Concept maps are commonly used knowledge visualization tools and have been shown to have a positive impact on learning. The main drawbacks of concept mapping are the requirement of training, and lack of feedback support. Thus, prior research has attempted to provide support and feedback in concept mapping, such as by developing computer-based concept mapping tools, offering starting templates and navigational supports, as well as providing automated feedback. Although these approaches have achieved promising results, there are still challenges that remain to be solved. For example, there is a need to create a concept mapping system that reduces the extraneous effort of editing a concept map while encouraging more cognitively beneficial behaviors. Also, there is little understanding of the cognitive process during concept mapping. What’s more, current feedback mechanisms in concept mapping only focus on the outcome of the map, instead of the learning process.

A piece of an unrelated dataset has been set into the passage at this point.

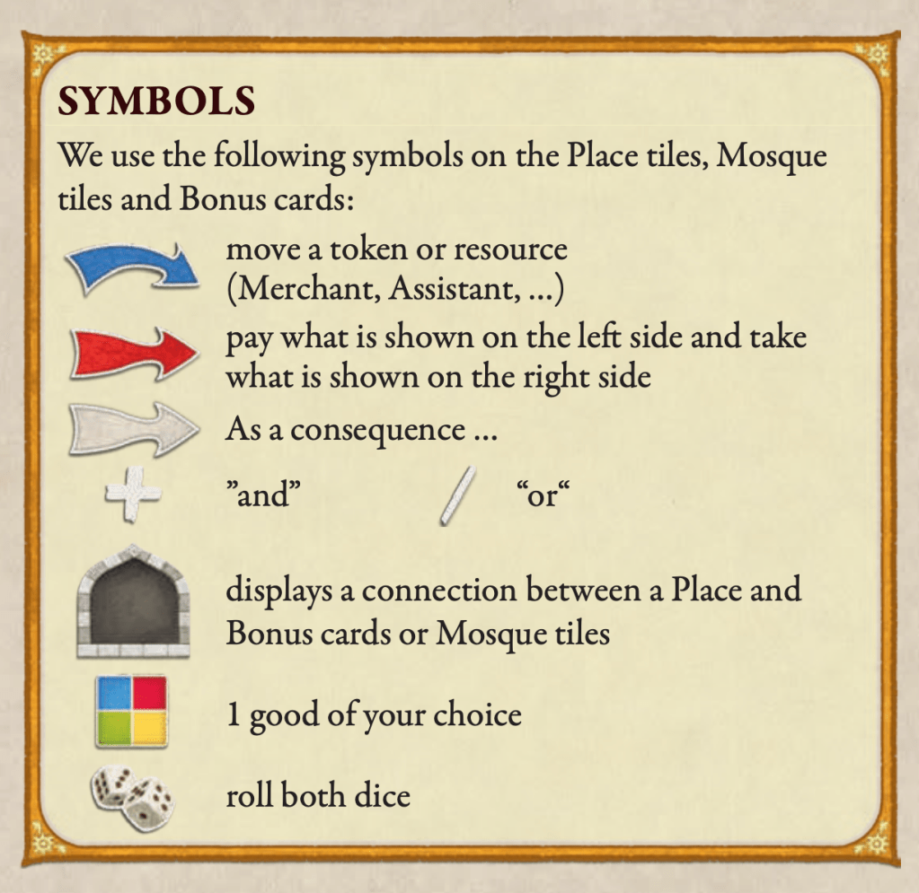 The game Istanbul has a different approach to modifiers. Instead of overlaying them, they have different types of arrows. The blue arrow moves stuff, the red arrow spends stuff, and the white arrow is a consequence. It is an interesting approach. Once you know how to read it, it’s super easy to understand the meaning of the icons alone and together.

This thesis work strives to solve the fundamental research question: How to leverage computer technologies to intelligently support concept mapping to promote meaningful learning? To approach this research question, I first present an intelligent concept mapping system, MindDot, that supports concept mapping via innovative integration of two features, hyperlink navigation, and expert template. The system reduces the effort of creating and modifying concept maps while encouraging beneficial activities such as comparing related concepts and establishing relationships among them. I then present the comparative strategy metric that modes student learning by evaluating behavioral patterns and learning strategies. Lastly, I develop an adaptive feedback system that provides immediate diagnostic feedback in response to both the key learning behaviors during concept mapping and the correctness and completeness of the created maps.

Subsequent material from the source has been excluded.